Effects of addition and depletion of Ydj1p on in vitro BMV RdRp activity. BMV RdRp extract was prepared from protease-deficient BJ5465 yeast expressing 1a and 2a proteins and a replicating BMV RNA3 derivative, B3URA3 RNA, and purified with DEAE-Bio gel A column chromatography. (A) Purified BMV RdRp (50 μl) was treated with protein A-Sepharose-conjugated anti-Ydj1p antibody (+) or protein A-Sepharose without antibodies (−), followed by addition of 500 ng of E. coli-expressed, purified Ydj1p or phosphate-buffered saline.

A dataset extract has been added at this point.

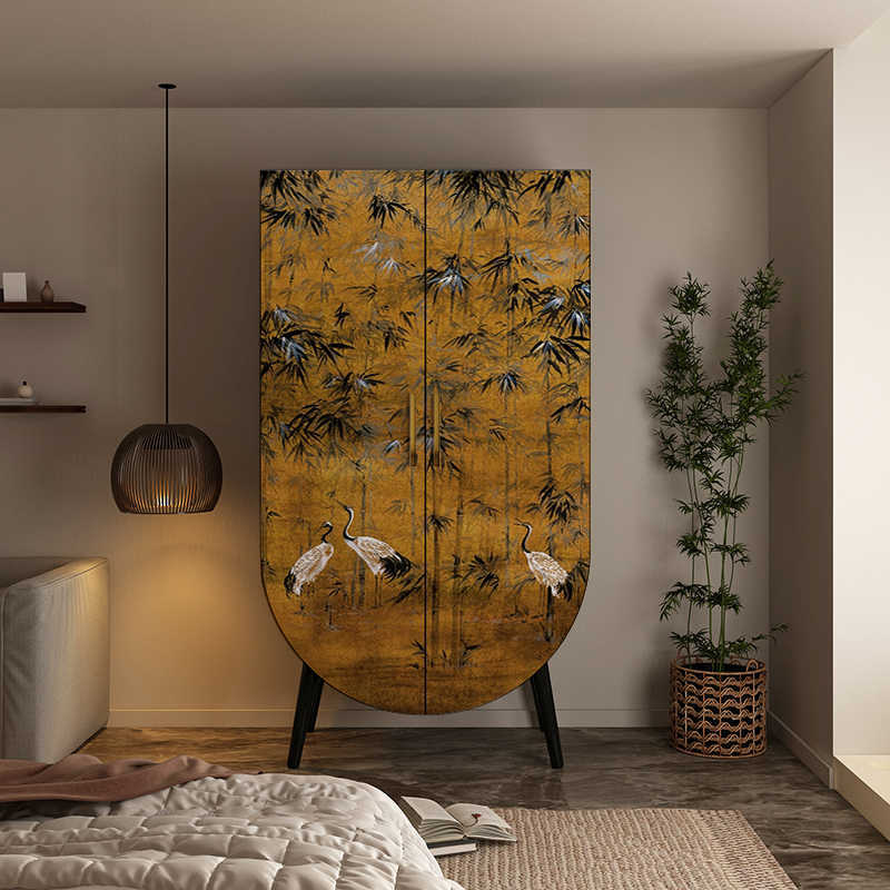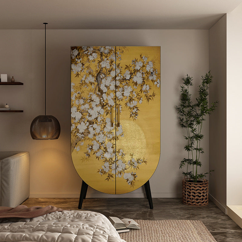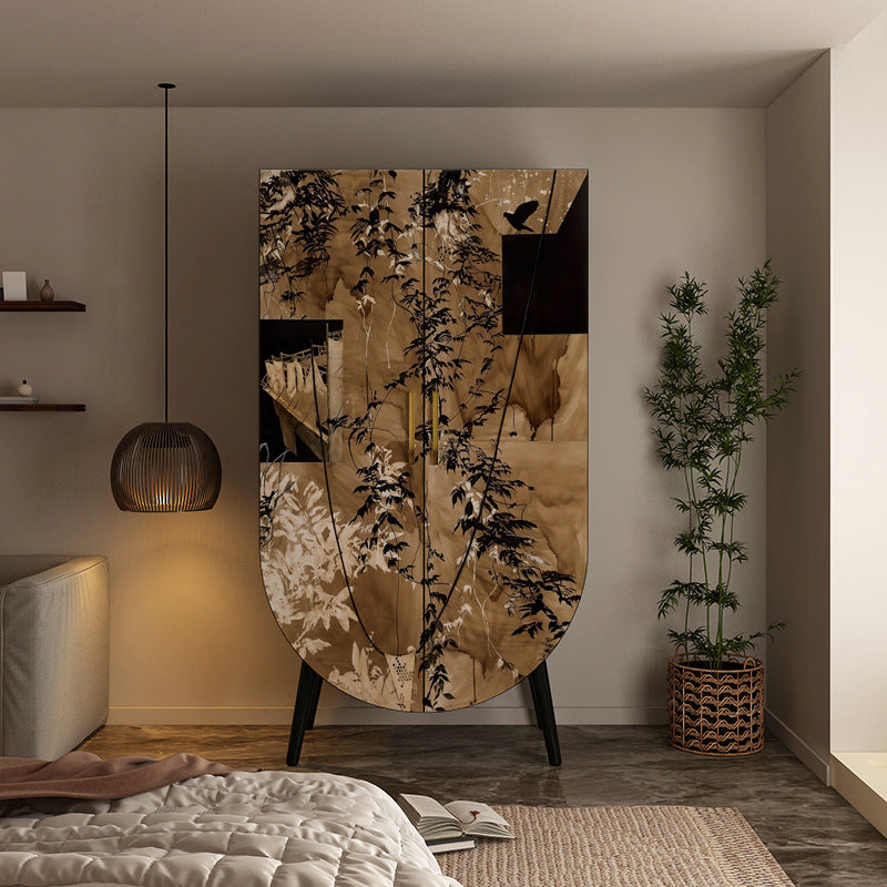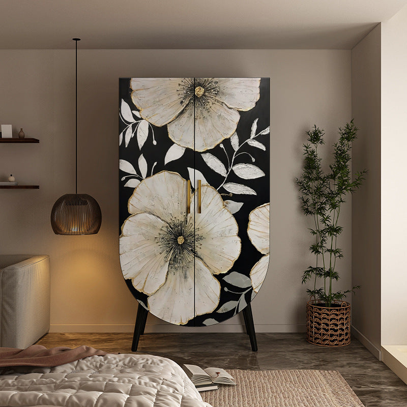 Introduce a piece of artistic heritage and practical organization with this exquisite traditional vintage solid wood storage cabinet. The timeless rectangular silhouette is crafted from premium solid wood, guaranteeing heirloom quality and long-lasting durability. The structure is softened by smooth rounded edges and finished in a classic, bold black, providing a stunning backdrop for the cabinet's defining feature: captivating artistic painted doors.
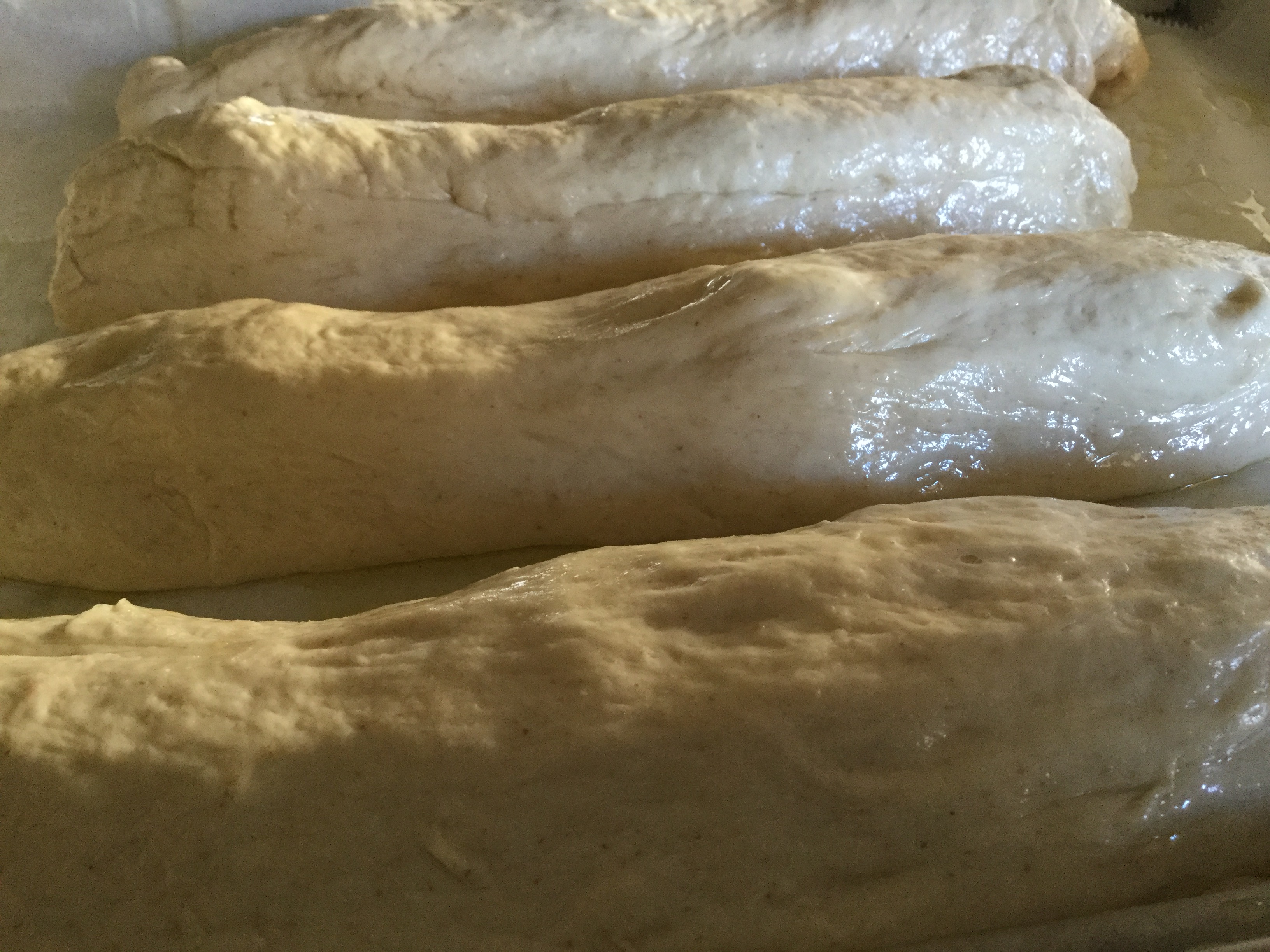 Ho formato le quattro baguette, più o meno, le ho messe nella teglia foderata di carta forno e ho aspettato che raddoppiassero per l’ultima volta.

The RdRp reaction procedure was performed with exogenously added BMV virion RNA as a template in the presence of [α-³²P]UTP as described by Quadt et al. (42). The product of the RdRp reaction was treated with S1 nuclease and analyzed by electrophoresis on a 1% agarose gel and by autoradiography. Positions of double-stranded BMV RNAs 1 to 4 are indicated in the figure. (B) Confirmation of depletion of Ydj1p. Purified BMV RdRp, treated with protein A-Sepharose-conjugated anti-Ydj1p antibody (+) or just protein A-Sepharose (−), was subjected to SDS-PAGE followed by Western analysis with anti-Ydj1p antibodies. The position of the Ydj1p band is indicated. Arrowhead shows a background signal presumably derived from leaked protein A.